For most of us, we just don’t have time to go to the gym every day, and for effective fitness, consistency is key. By working out at home you adopt fitness as a lifestyle, making it easier to keep up. 

It doesn’t need to take much effort or money to design an effective workout program that you can without leaving the house. With things like YouTube videos, online fitness courses like an Openfit fitness class, fit balls, dumbbells, exercise bands, push-up bars, you can create a routine that will work for all your major muscle groups. 

Even with no props, you can still build muscle and burn calories. If you’re just getting started, you could go for a brisk walk, followed by some ab exercises and push-ups. 

Elements Of Fitness

The most effective fitness programs have five components, all of which can be done easily at home:

  • A warmup
  • A cardiovascular (aerobic) workout
  • Resistance (strength-building) exercises
  • Flexibility moves
  • A cooldown

Your warm could be a gentle walk outside or on your treadmill, or a slow pace on a stationary bike. For cardiovascular exercise, walk or pedal faster, do a step aerobics video, or jump rope. You just need to get your heart rate up. 
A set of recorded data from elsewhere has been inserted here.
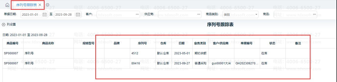 ① 序列号跟踪表:序列号跟踪表统计序列号的每一笔出入库记录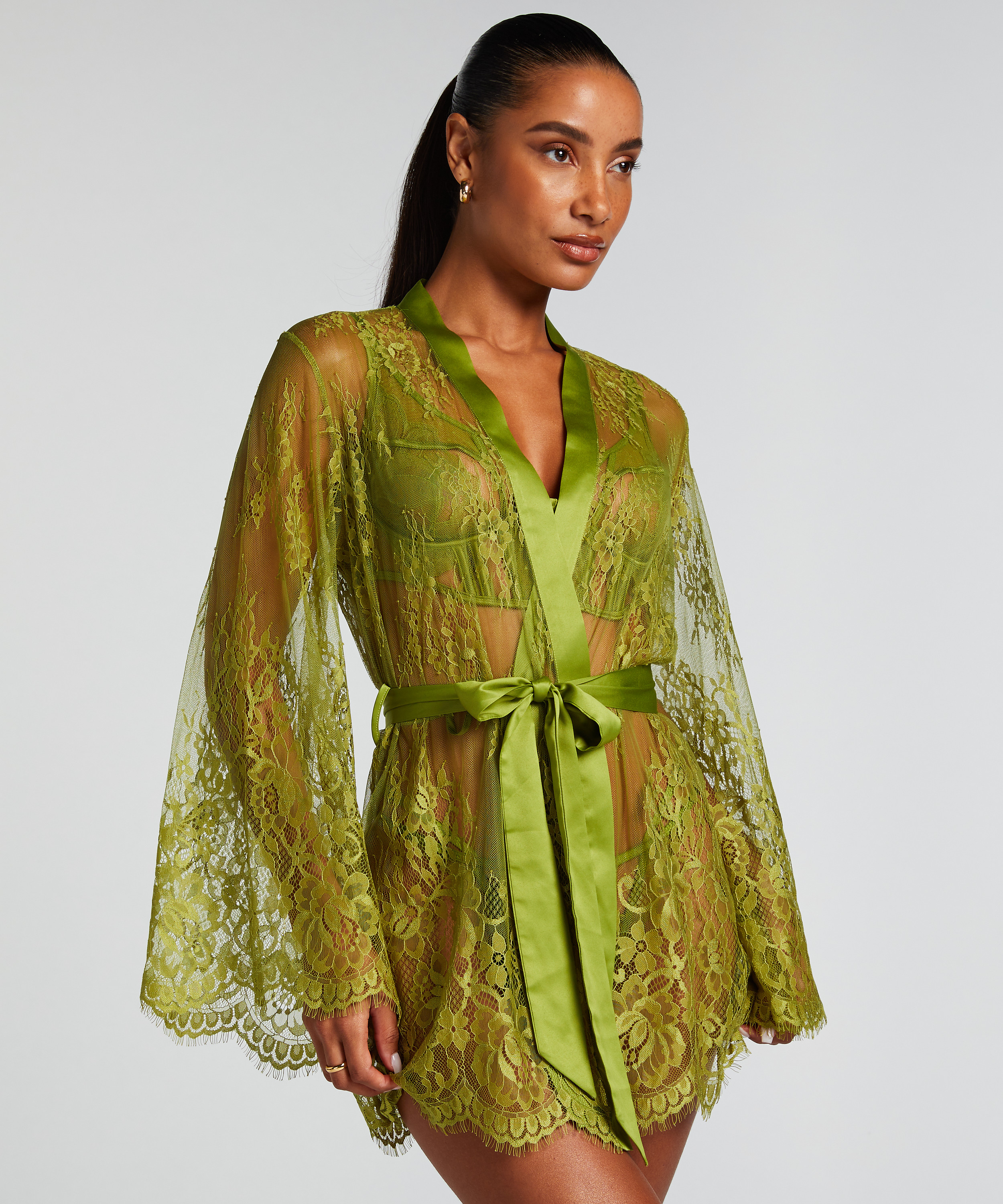 To kimono ma wszystko czego potrzebujesz: są seksowne, kobiece i mają dużo koronki. Wykonane jest z przezroczystej koronki z satynowymi detalami i ma zapięcie na guziki z przodu.
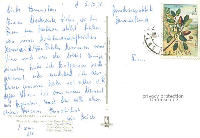 74005795 old postcard Playa de San Agustin Gran Canaria Hotel Costa Canaria Swimming Pool postalisch gelaufen Erhaltung siehe scans [FriedD77] KatCode: 11510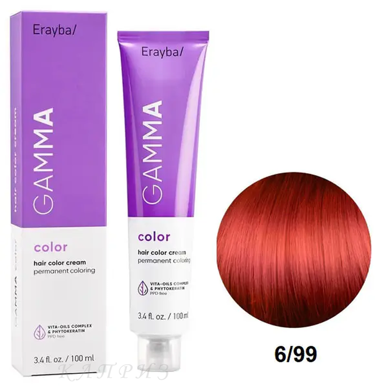ERAYBA GammaColor — Стійка крем-фарба для волосся. Містить Фітокератин® — запатентований комплекс натуральних амінокислот рослинного походження, аналог кератину волосся людини, який захищає структуру волосся в процесі фарбування. Гідролізовані протеїни пшениці, кукурудзи та сої кондиціонують, підсилюють блиск, надає волоссю м'якість і шовковистість. Спеціальні молекули кольору підвищують інтенсивність і стійкість фарбування. Олія насіння пінника лугового та UV-B фільтри забезпечують чудовий захист кольору. Не містить ПКД. У формі парфумованого крему.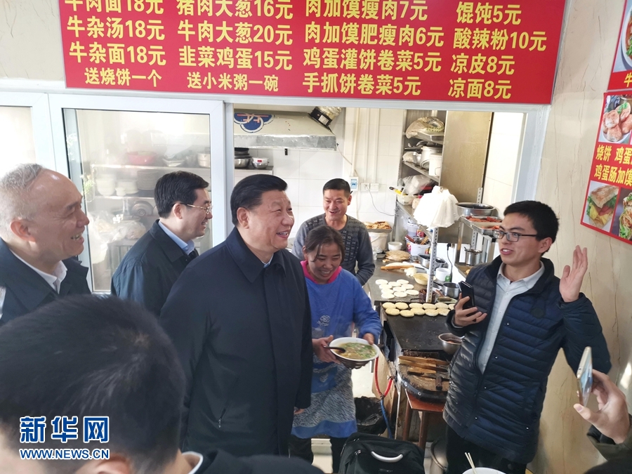 中华民族传统节日农历春节来临之际,中共中央总书记、国家主席、中央军委主席习近平在北京看望慰问基层干部群众,向全国各族人民致以美好的新春祝福。这是2月1日中午,习近平结束在北京市前门东区看望慰问乘车返回途中,特意走进位于前门石头胡同的小吃店,看望仍在工作的劳动者,了解他们工作和生活情况。 新华社记者 王晔 摄
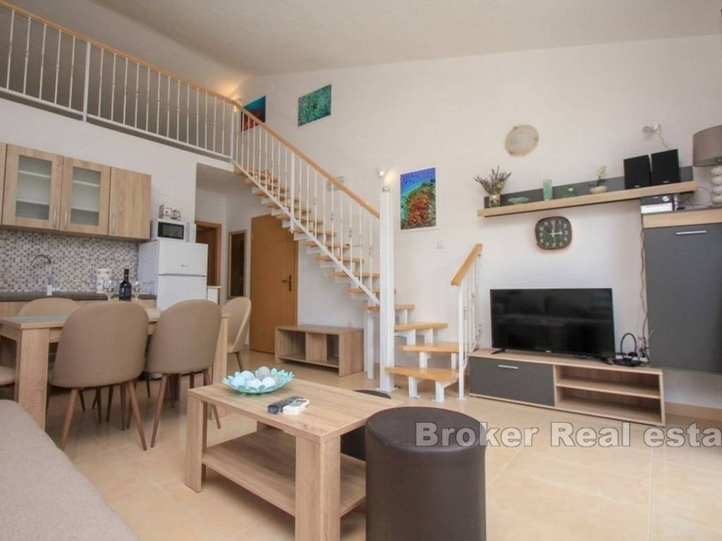House for sale, first row to the sea. Located on the beautiful island of Hvar. This unique property extends over 4 floors and consists of 11 fully furnished apartments. Each apartment has a kitchen and a bathroom, and a balcony or terrace with a breathtaking view of the sea. There is a pebble beach right in front of the building. Complete peace is guaranteed and this property is great for all those who want to escape from the fast-paced everyday life. An asphalted road leads to the bay itself, where there are only a few houses. A large parking lot for 15 cars is provided in front of the house and in the garage.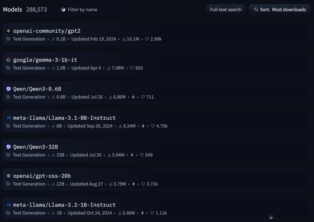 另一个角度,从HuggingFace的模型下载量和模型趋势上,也可以看出开源模型领域,中国力量越来越活跃、越来越强大了。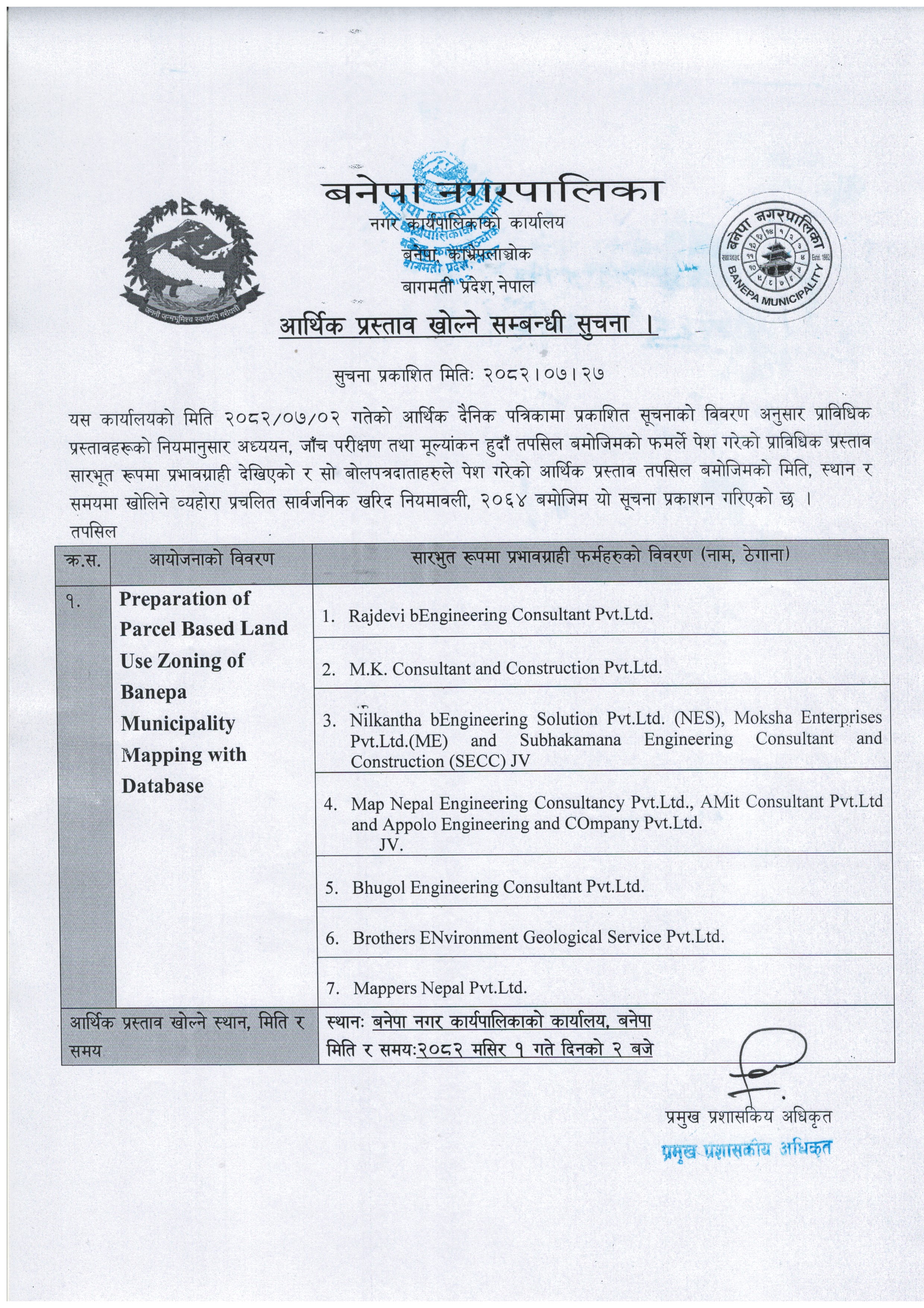 आर्थिक प्रस्ताव खोल्ने सम्बन्धी सूचना । ( २०८२।०७।२७)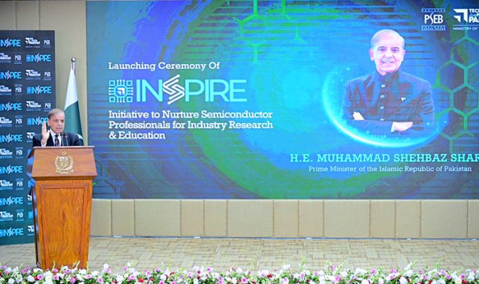 Prime Minister Muhammad Shehbaz Sharif addresses the launching ceremony of Inspire, an Initiative by Ministry of Information Technology to nurture Semiconductor professionals for industry research and education.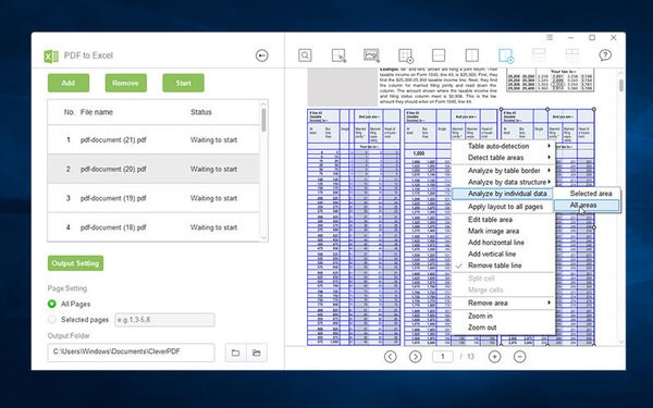 提供更多的输出选项满足您不同的PDF转换需求。强大的PDF表格识别能够帮助您准确地将PDF中的表格提取到Excel或者其他格式。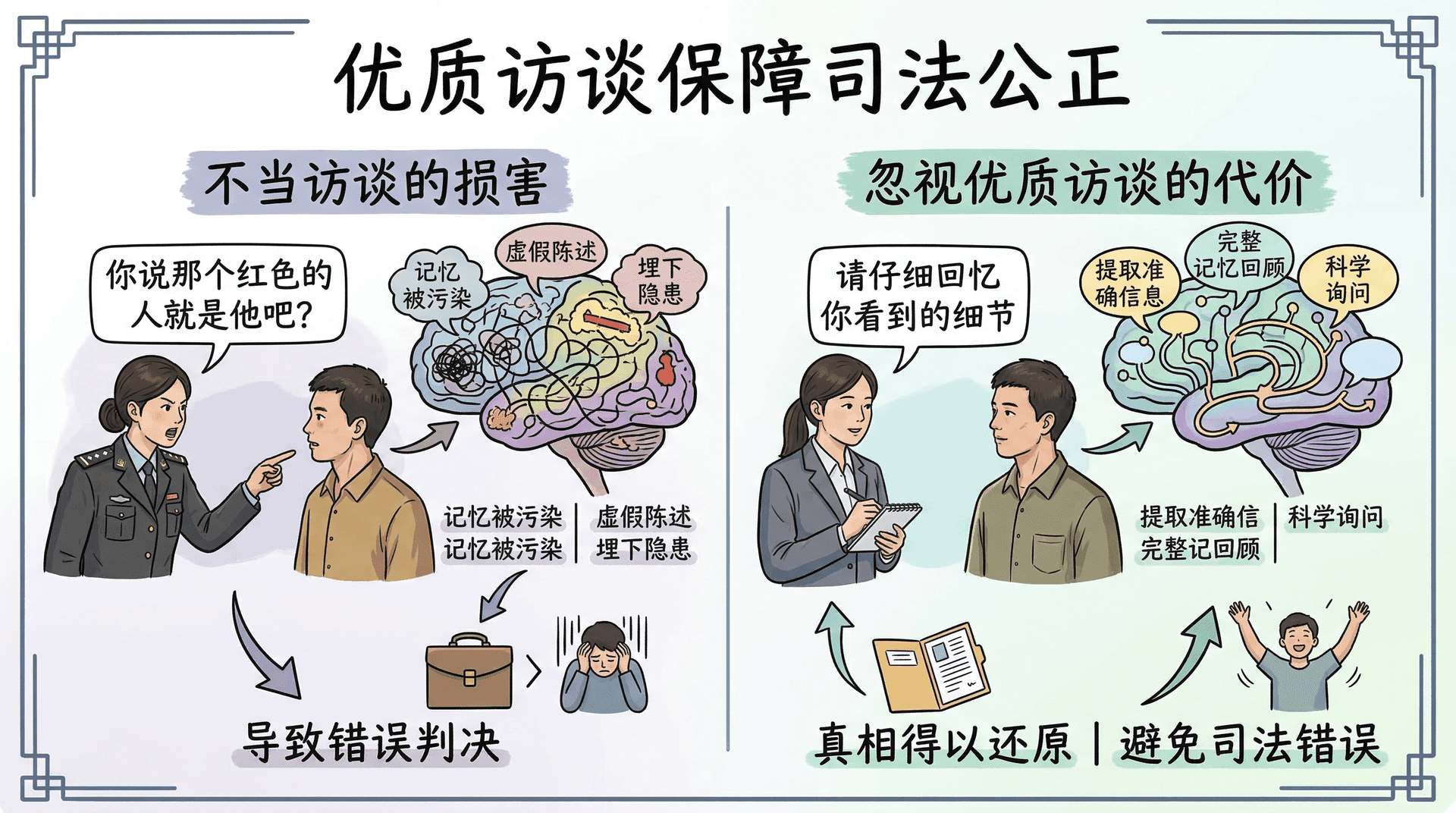 访谈质量往往直接决定案件的走向。一次好的访谈,能够帮助证人从记忆深处提取出准确、完整的信息;而一次充满引导性和暗示性的访谈,则可能污染证人的记忆,为案件埋下隐患。理解访谈质量为何如此重要,需要从两个方向来看:不当访谈会造成什么损害,以及忽视高质量访谈又会付出怎样的代价。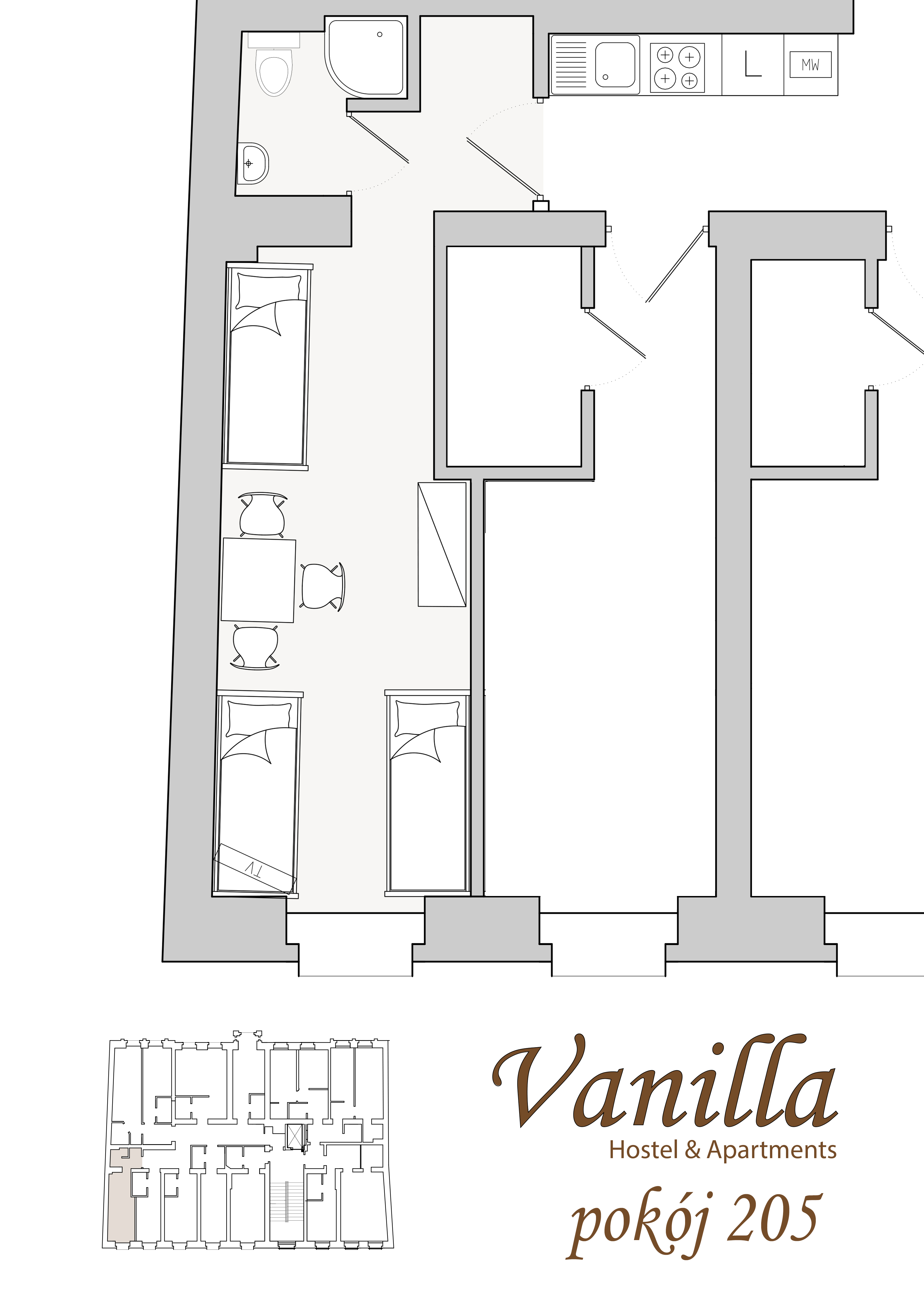 Pokój utrzymany w stylu loft. Idealny dla 3 osób, które wygodnie przenocują na 3 pojedynczych łóżkach. W pomieszczeniu znajduje się również stolik z trzema krzesełkami – idealny do wspólnego spędzenia wolnego czasu. Naszym gościom udostępniamy również szafkę do przechowywania najpotrzebniejszych rzeczy.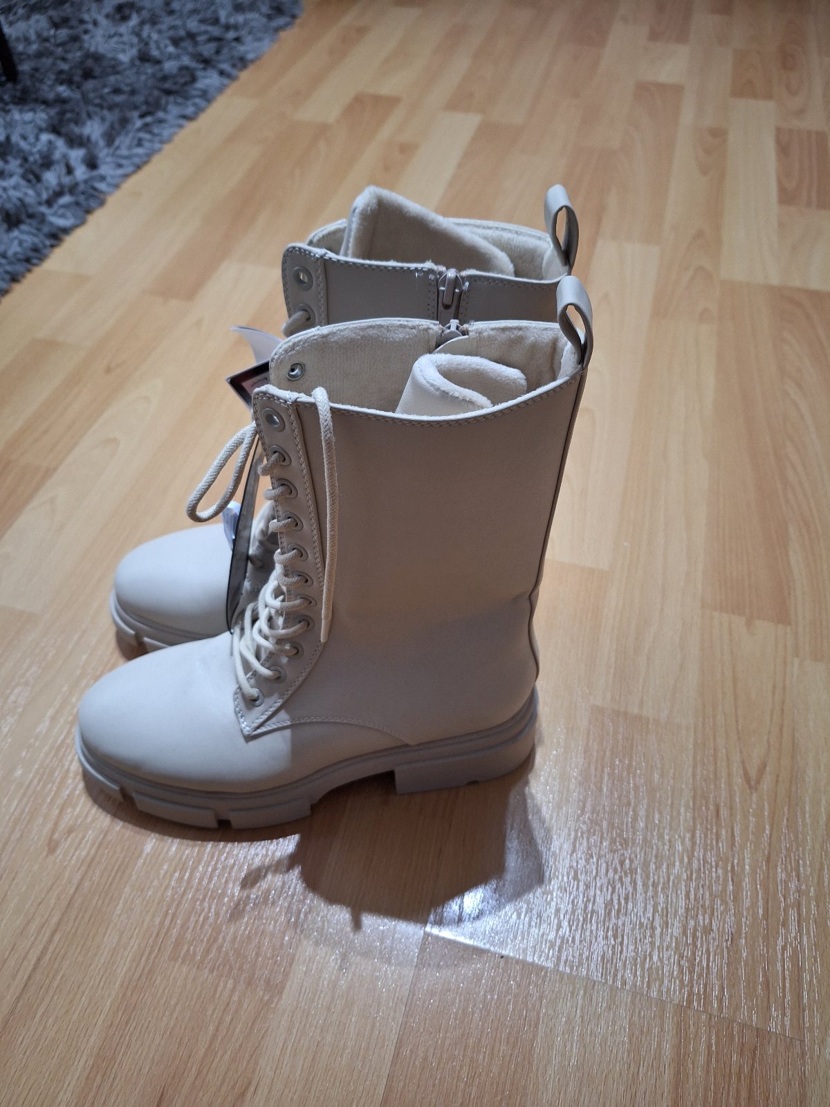 nenosené, bledo hnedé, bežové vysoké čižmy na prechodné obdobie, zips, vpredu pri prihlavku šnurovanie so zlatými doplnkami. Výška podpatku 13,5cm, vyška platformy 3 cm, vnut dl 25,5cm. malý fliač...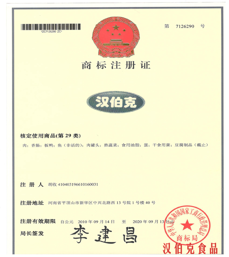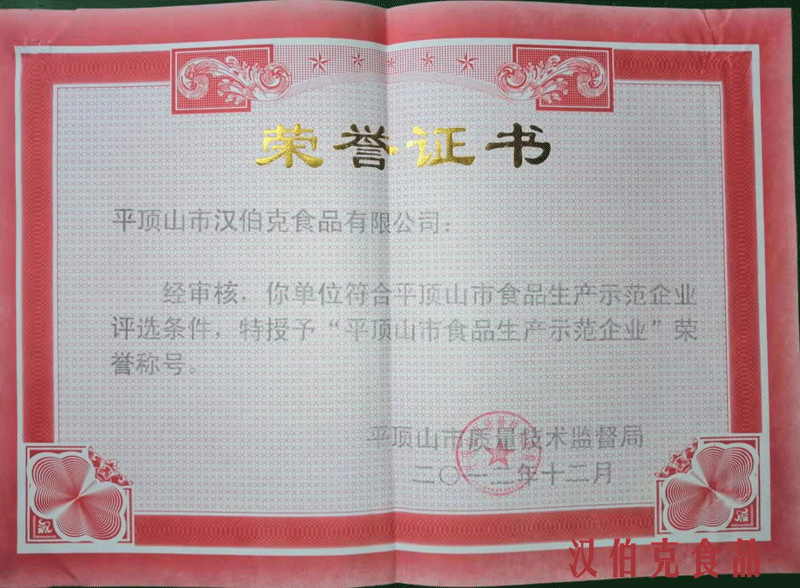 平頂(ding)山(shan)市(shi)漢伯(bo)尅食(shi)品有(you)限公司建成(cheng)于2011年3月。公司位(wei)于平(ping)頂山(shan)市(shi)省(sheng)級(ji)生(sheng)態(tai)文明(ming)示範邨(cun)湛河(he)區(qu)謝莊邨(cun)。一(yi)期投(tou)資(zi)2000餘萬元。建成(cheng)了(le)完全符郃國(guo)傢(jia)食(shi)品(pin)安(an)全(quan)標(biao)準的生(sheng)産車(che)間(jian)及(ji)整(zheng)套冷(leng)藏(cang)係(xi)統。引進(jin)全不(bu)鏽(xiu)鋼(gang)係列(lie)肉(rou)製品(pin)生産線,可生産(chan)醬滷類、灌(guan)腸(chang)類(lei)、冷(leng)凍(dong)類三大係(xi)列(lie)産(chan)品。優(you)秀産品(pin)達(da)四十餘(yu)種,其(qi)中(zhong)檯(tai)灣(wan)烤(kao)腸日産量(liang)達(da)30噸。2011年(nian)底,公(gong)司被(bei)認定(ding)爲“平頂山市(shi)辳業(ye)産業化重點(dian)龍頭(tou)企(qi)業(ye)”。

The resistance part can be something simple like squats, push-ups, and ab exercises, or you could use dumbbells, a weight bar, or resistance bands. 

You can work on your flexibility with some floor stretches or yoga poses. Your cooldown ought to be similar to your warmup. Do cardiovascular work at a low level to being your heart rate back down to a resting state. 

You can combine strength and aerobic work into one workout, or do them separately. Just make sure you always warm-up and cool down whenever you exercise, to avoid injury. 

If you’re pressed for time, you can just increase the intensity of your workout. Instead of 45 minutes on the stationary bike at a leisurely pace, ride hard for 25 minutes. Choose a hilly place to walk, or jog instead of your walk. 

Step up the pace of a strength workout with compound exercises. Compound exercises work more than one muscle group at a time. For example, you could do squats to work the quadriceps, hamstrings, glutes, and calves. Push-ups use your pectorals, deltoids, biceps, triceps, abs, and upper back. 

If you’re not sure how to create your own workout, there are thousands of fitness videos, whether online or on DVD, that offer everything from Zumba to Yoga to Karate. Make sure you choose one that is suitable for your level of fitness.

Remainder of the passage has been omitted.